→ What you will do
Up to and including the line that contains "Below is a Google", return every line from the start of the data, unchanged.

→ Data extract
Content starts

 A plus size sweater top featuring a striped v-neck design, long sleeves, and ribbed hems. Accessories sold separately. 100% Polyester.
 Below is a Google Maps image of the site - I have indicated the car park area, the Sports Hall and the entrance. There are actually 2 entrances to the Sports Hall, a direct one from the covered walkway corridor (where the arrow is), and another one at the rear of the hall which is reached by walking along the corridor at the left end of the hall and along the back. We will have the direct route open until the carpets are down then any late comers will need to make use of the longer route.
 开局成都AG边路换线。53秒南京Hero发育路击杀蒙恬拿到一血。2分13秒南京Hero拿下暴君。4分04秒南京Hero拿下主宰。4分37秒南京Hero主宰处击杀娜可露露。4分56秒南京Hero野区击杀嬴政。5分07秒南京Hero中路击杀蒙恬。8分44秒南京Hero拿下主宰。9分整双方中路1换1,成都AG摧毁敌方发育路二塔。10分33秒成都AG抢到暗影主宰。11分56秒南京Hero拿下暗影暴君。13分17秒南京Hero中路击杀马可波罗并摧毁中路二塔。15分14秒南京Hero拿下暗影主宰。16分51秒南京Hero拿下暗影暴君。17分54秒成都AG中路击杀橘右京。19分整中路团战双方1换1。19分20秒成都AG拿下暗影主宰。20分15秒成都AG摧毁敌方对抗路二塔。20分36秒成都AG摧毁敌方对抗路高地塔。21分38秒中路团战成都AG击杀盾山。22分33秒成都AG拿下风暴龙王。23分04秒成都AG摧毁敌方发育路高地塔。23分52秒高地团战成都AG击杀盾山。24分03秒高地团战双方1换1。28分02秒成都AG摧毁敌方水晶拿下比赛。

Content ends

→ Solution
 A plus size sweater top featuring a striped v-neck design, long sleeves, and ribbed hems. Accessories sold separately. 100% Polyester.
 Below is a Google Maps image of the site - I have indicated the car park area, the Sports Hall and the entrance. There are actually 2 entrances to the Sports Hall, a direct one from the covered walkway corridor (where the arrow is), and another one at the rear of the hall which is reached by walking along the corridor at the left end of the hall and along the back. We will have the direct route open until the carpets are down then any late comers will need to make use of the longer route.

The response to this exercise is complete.